Lenovo Storage S2200

Earlier this year, Lenovo took the cover off its independently developed storage technology, in a move hailed by its channel partners. The Lenovo Storage S2200 features 2U enclosures with single or dual controllers and room for either 12 or 24 drives. The S2200 supports up to 96 drives with expansion enclosure and offers Fibre Channel, iSCSI or SAS connectivity. The S2200 comes with a complete suite of storage services, including data tiering, thin provisioning, SSD read caching, rapid RAID rebuild, snapshots and storage pooling at no extra charge.

Lenovo Storage S3200

Lenovo's SAN S3200 offers near all-flash-array performance for up to 120,000 Input/Output Operations Per Second (IOPS). Like the S2200, S3200 storage arrays offer dual and single controllers in 2U 12- and 24-drive configurations, but only the S3200 supports up to 192 drives, along with multiprotocol connectivity that can work with Fibre Channel and iSCSI at the same time.

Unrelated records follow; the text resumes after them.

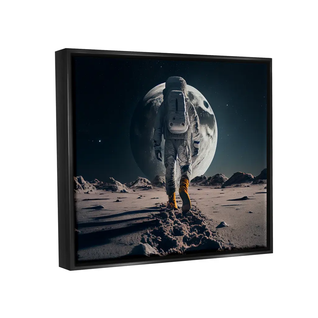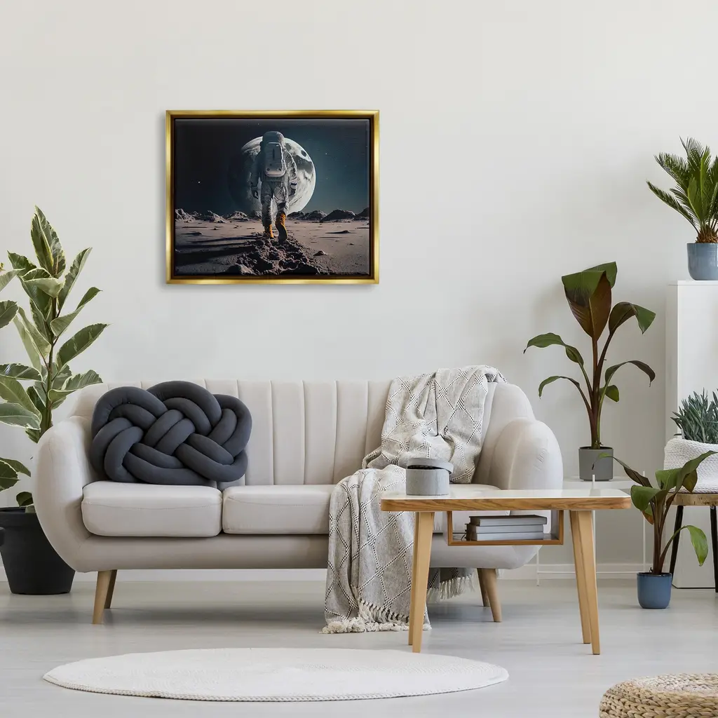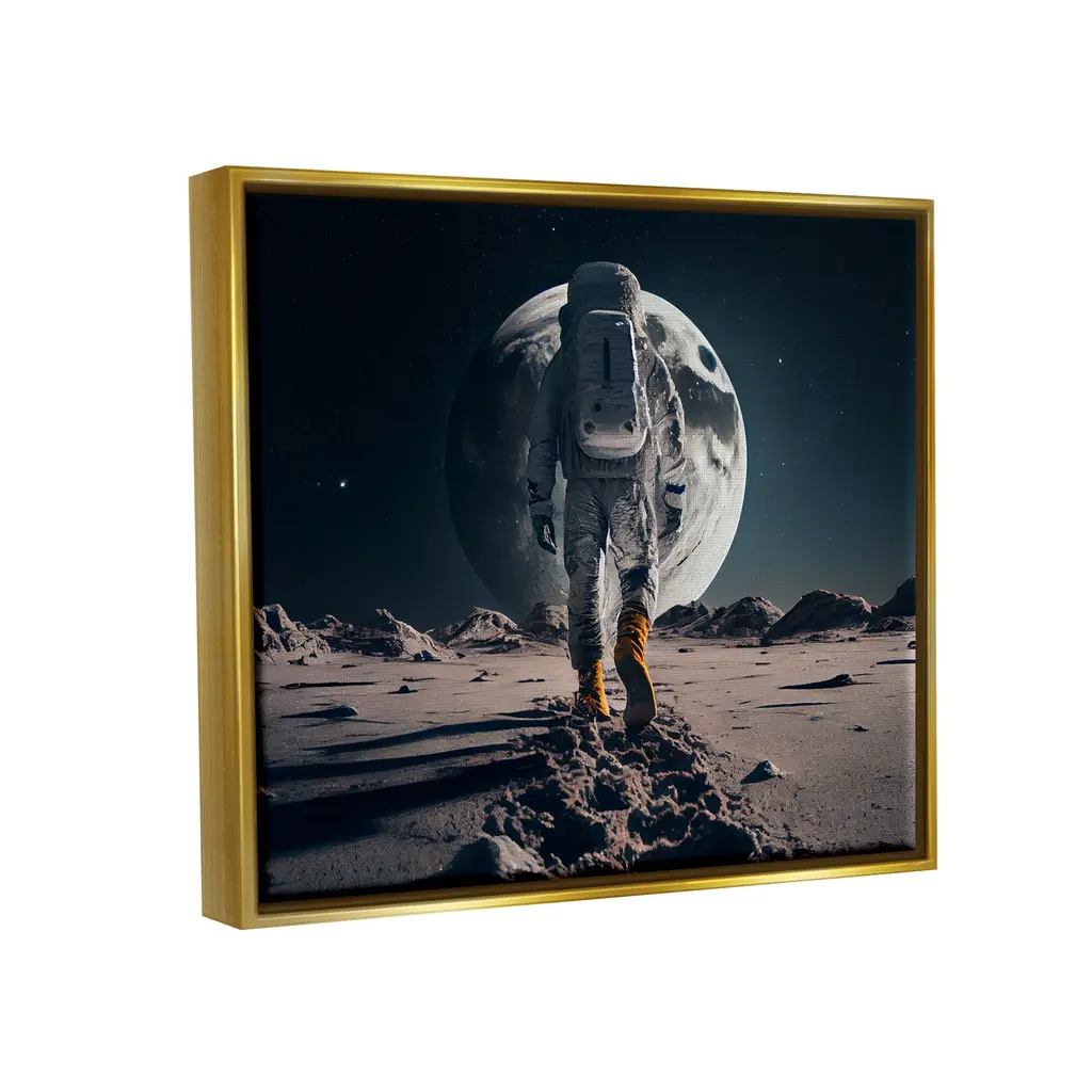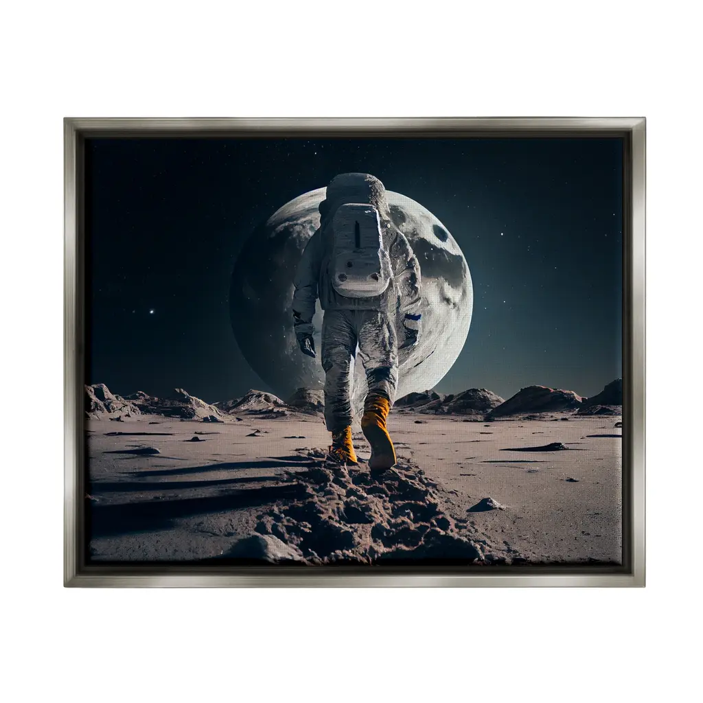 Elevate your home or office to the next level with Stupell Framed Floating Canvas Wall Art. Our premium hand-stretched canvas is mounted securely into a sturdy lightweight frame. The museum-style gap between the wrapped canvas and the box frame gives the illusion of floating artwork. Stupell Wall Art is made in the USA.Features: Dimensions: 21 x 1.7 x 17 Frame, 20 x 1.5 x 16 Canvas ArtFloating Frame Sizes Include Standard: 21 x 1.7 x 17 Oversized: 31 x 1.7 x 25Wall Art is Ready to Hang - No Installation or Hardware Needed. For Easy Set Up Lean or Layer Artwork on Shelf or Against Wall.Our elevated 1.7" Thick Floating Frame is the perfect complement to our canvas style Wall Art. We use only the highest quality inks in house with industry leading printing solutions. Canvas is hand stretched over a durable wood foundation and then mounted securly into a Modern Box Frame. Made in the USA.Artwork Relates To: Astronomy, Moon, Person, Outer Space, Astronaut, Planet, EarthDesign by CyberGeek Design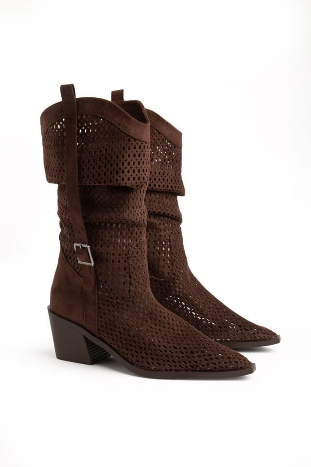 Meria Kahverengi Süet Lazer Kesim Kovboy Topuklu Çizme - 268492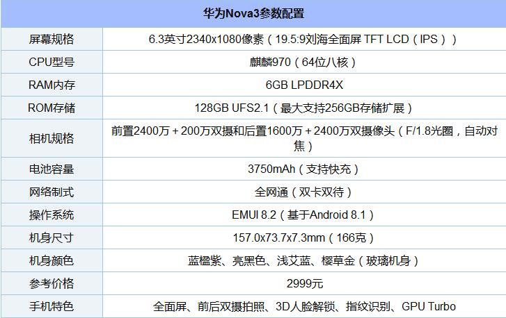 华为Nova3并没有短板,各方面规格都很高,尤其是前后都配备规格比较高的双摄像头,主打拍照特性明显。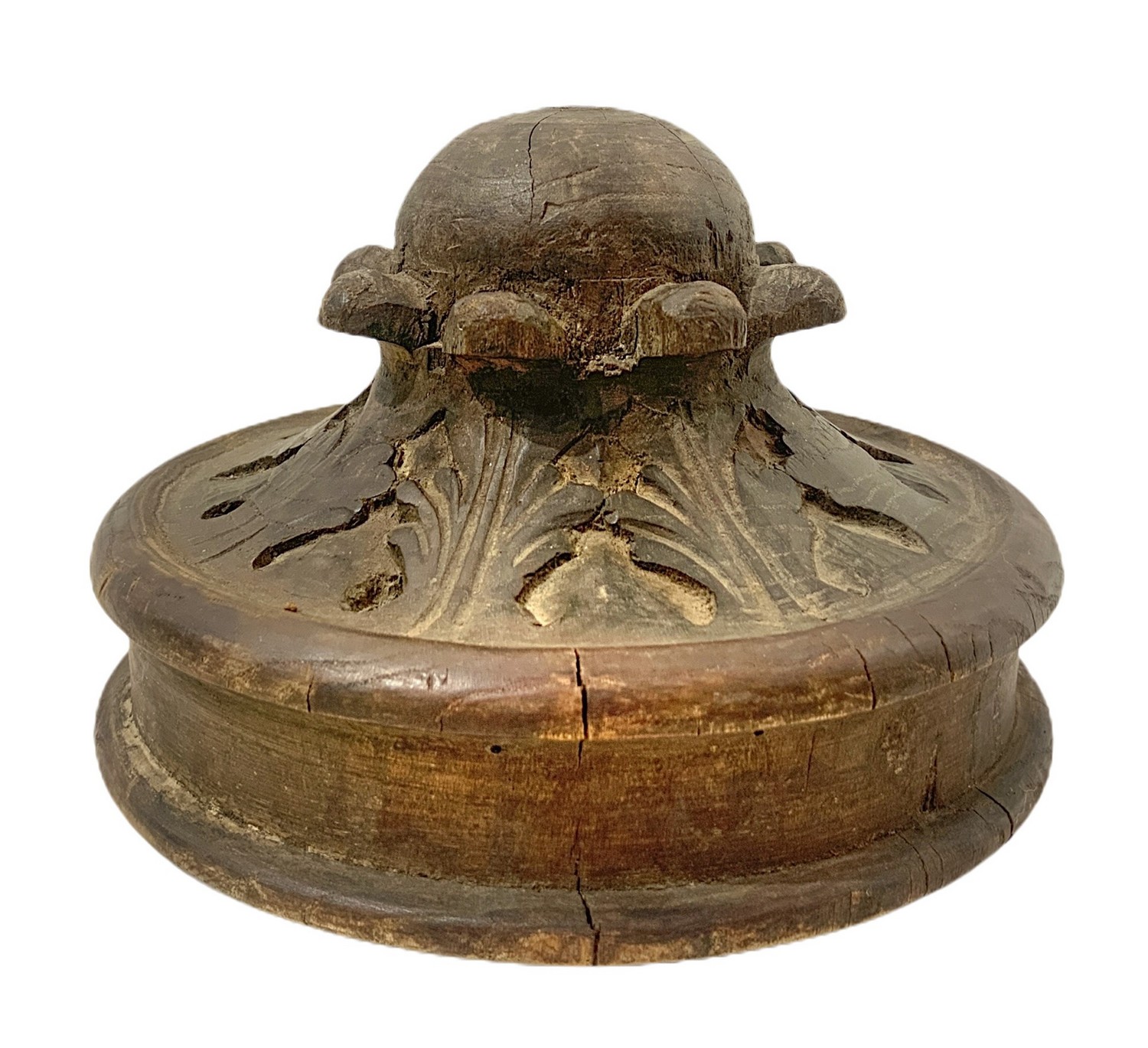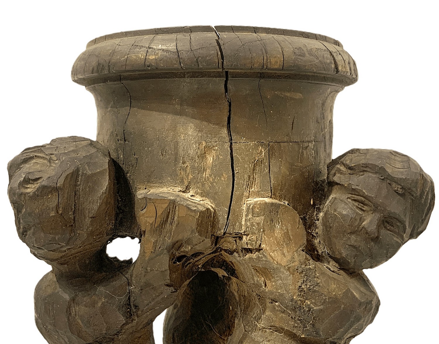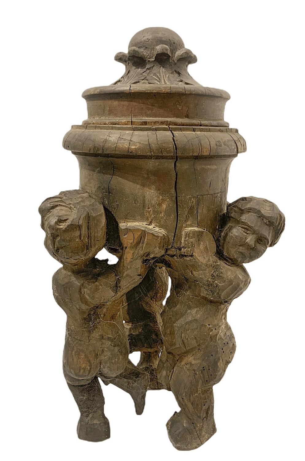 Alzata in legno con tre putti e coperchio, XIX secolo.
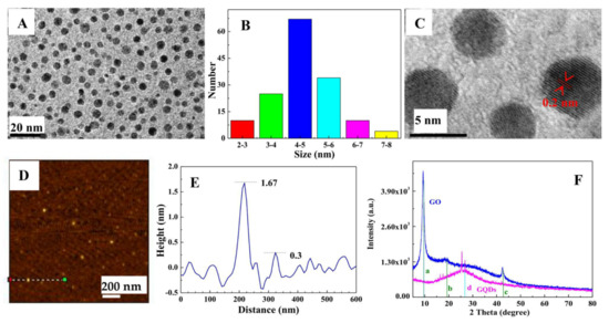 After the visible-Fenton reaction, the as-prepared GQDs have excellent dispersion in water and a narrow size distribution at 3–6 nm (Figure 2A,B); the HRTEM result indicated a regular crystalline structure with a lattice distance of 0.2 nm (Figure 2C and Figure S1), which is well-consistent with the published results [6,26,27]; the AFM pattern (Figure 2D,E) shows the height profile of GQDs is about 0.3–1.67 nm, corresponding to one to five layers of Gr. The above results coincide well with those of GQDs fabricated using the UV-Fenton method [26,27,28]. The XRD pattern of GO (blue curve in Figure 2E) shows three peaks at 9.56°, 19.18°, and 42.48°, which are the (001) and (002) planes of GO (PDF No. 00-065-1528), and the (100) plane of carbon (PDF No. 00-089-8498). The XRD pattern of GQDs (rose-red curve) shows a wide peak positioned at 26.6° is near to the (002) crystal face of exfoliated graphite [59], revealing the graphene structure of GQDs. According to the Debye–Scherrer equation, the calculated interplanar crystal spacing of GQDs is 0.365 nm, which is greater than that of graphite (0.335 nm) [59]. The main reason is that abundant oxygen-containing functional groups were formed on the lamellar surfaces or edges of the GQDs in the process of visible-Fenton reaction, resulting in GQDs possessing good water solubility.
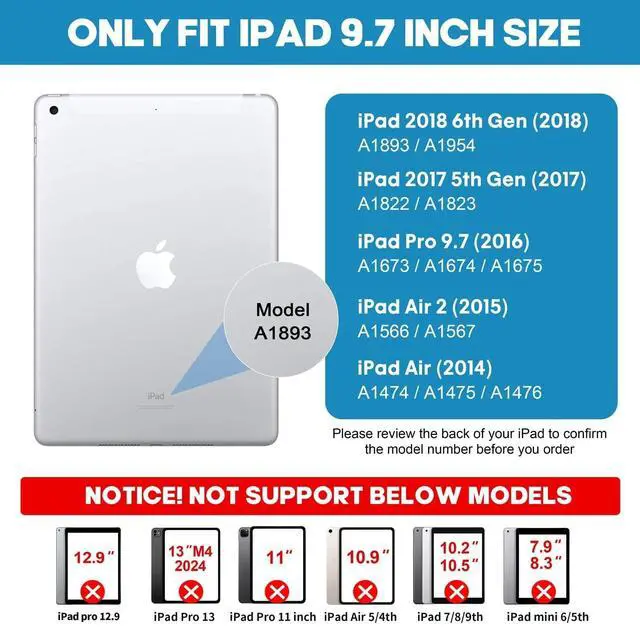 COMPATIBILITY - This iPad keyboard case is ONLY for 9.7 inch iPad 6th Gen 2018 (A1893/A1954), iPad 5th Gen 2017 (A1822/A1823), iPad Pro 9. 7 inch 2016 (A1673/A1674/A1675), iPad Air 2 (A1566/A1567) and iPad Air (A1474/A1475/A1476). Pls check the model number on your iPads back (iPad is not included) ^^ BRIGHT BACKLIGHT You have plenty of customization options with seven colors to choose from and three brightness levels. Backlit iPad keyboard case ensures you dont have any trouble while typing in low-lit environment. It looks as premium as the iPad itself and is available in three matching colors: black, silver, and rose gold. ^^ 360 ROTATION - Thanks to the 360 degree vertical rotation clamshell cover, you can have multiple viewing angles. Therefore, both your movie time and typing will have improved experience. This slim and lightweight keyboard case will turn the 9.7 inch iPad into a powerful laptop any time youd want it. You can display your work presentation watch your favorite show or read a new book while you enjoy your iPad a little more even when youre out and about! ^^ AUTO WAKE & SLEEP -The hardshell cover folds back to act as a stand and triggers the automatic sleep and wake function of your iPad, so it comes to life when you open the keyboard case cover. The keyboard is reasonably well-spaced with concave keys and it enables to access all ports and buttons easily. This protective case will ensure your iPad stays safe in the face of drops, knocks, or spills. ^^ 1 YEAR REPLACEMENT - We provide unlimited customer service support and tech support. Questions will be responded to within 12 working hours. It is a must have for anyone with a 9.7 inch iPad keyboard.

Both model SANs also offer Lenovo software management such as data tiering, thin provisioning, SSD read caching, rapid RAID rebuild, Lenovo Snapshot and storage pooling.

HP Superdome X

HP credits the Linux community and Red Hat partners with its breakthrough x86 Superdome X server, which the company is billing as an alternative to running mission-critical applications on "a costly proprietary system," and a strong choice for enterprises concerned about x86 reliability and availability. The company says Superdome X blends x86 efficiencies with HP technology for mission-critical applications to give users more uptime and better performance. Superdome is scalable up to 16 sockets and 12 TB of memory for in-memory and large scale-up x86 workloads.

HP Moonshot

HP's Moonshot servers may be the company's biggest and most ambitious rethinking of server architecture in the past decade. While traditional server innovation has focused on speeds and feeds, HP is taking a radical departure from the server status quo. At the heart of the Moonshot server is the platform itself, which manages to cram 45 Intel server cartridges into a 4.3U chassis alongside two network switches. It's a high-density ecosystem that weaves together use-specific jobs, local chassis fabric and a converged infrastructure.

IBM/SoftLayer OpenPower

In the second quarter, SoftLayer began offering IBM OpenPower-based servers as part of its portfolio of cloud-based services. The offering allows customers to select OpenPower-based bare-metal servers when configuring cloud-based infrastructures from SoftLayer. Based on the OpenPower Foundation design concept, the servers were developed to help customers better manage data-intensive workloads on public and private clouds, the company says. IBM and SoftLayer worked closely with fellow OpenPower members Tyan, a provider of advanced server/workstation platforms, and Mellanox Technologies, a leading supplier of InfiniBand and Ethernet solutions. SoftLayer bare-metal servers run Linux applications and are based on the IBM Power8 architecture, the processor technology at the heart of IBM's Power Systems line of servers.

Oracle Engineered Systems

Early this year, Oracle introduced a new generation of engineered systems, including a new Virtual Compute Appliance X5, Oracle FS1 Series Flash Storage System and the sixth-generation Oracle Exadata Database Machine X5. The rollout was part of Oracle's effort to support what it calls the data center of the future, which the company says is low cost and engineered for innovation. To that end, Oracle's integrated appliances are simple to use and ready for deployment right out of the box, including its Xtreme Flash Storage Server, an all-flash storage server that Oracle says "achieves breakthrough performance and price per I/O."